• [Assignment]:
Could you give the listing again exactly, without its pictures?

• [Source material]:
----------

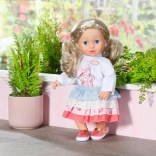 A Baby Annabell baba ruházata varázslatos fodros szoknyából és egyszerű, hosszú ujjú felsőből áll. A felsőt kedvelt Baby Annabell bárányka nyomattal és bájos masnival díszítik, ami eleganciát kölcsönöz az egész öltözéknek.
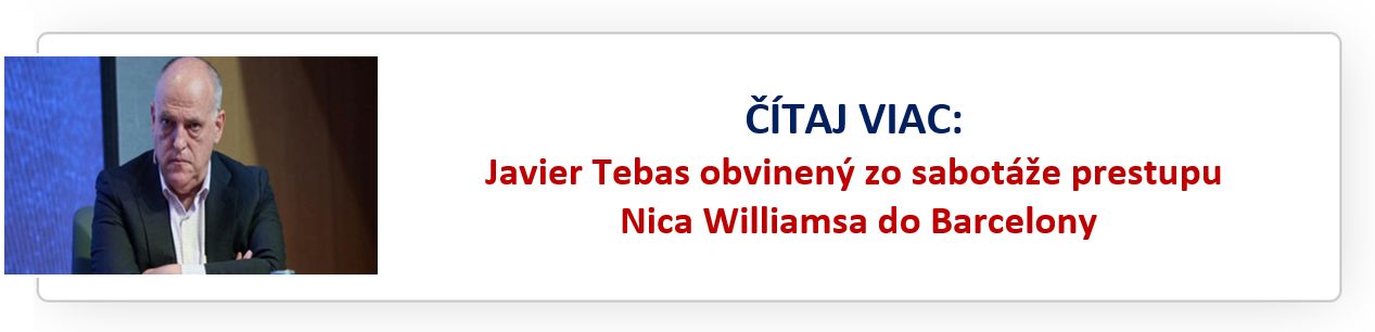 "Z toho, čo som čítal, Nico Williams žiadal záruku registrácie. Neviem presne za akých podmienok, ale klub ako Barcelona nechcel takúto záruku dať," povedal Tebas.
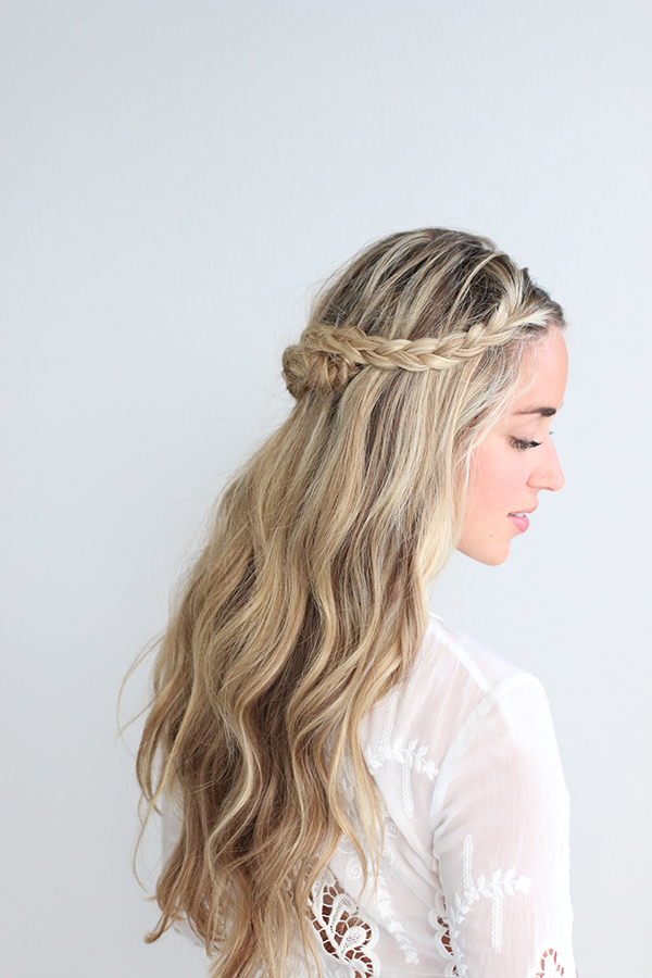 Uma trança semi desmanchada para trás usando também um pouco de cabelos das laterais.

----------

• [Exercise result]:
 A Baby Annabell baba ruházata varázslatos fodros szoknyából és egyszerű, hosszú ujjú felsőből áll. A felsőt kedvelt Baby Annabell bárányka nyomattal és bájos masnival díszítik, ami eleganciát kölcsönöz az egész öltözéknek.
 "Z toho, čo som čítal, Nico Williams žiadal záruku registrácie. Neviem presne za akých podmienok, ale klub ako Barcelona nechcel takúto záruku dať," povedal Tebas.
 Uma trança semi desmanchada para trás usando também um pouco de cabelos das laterais.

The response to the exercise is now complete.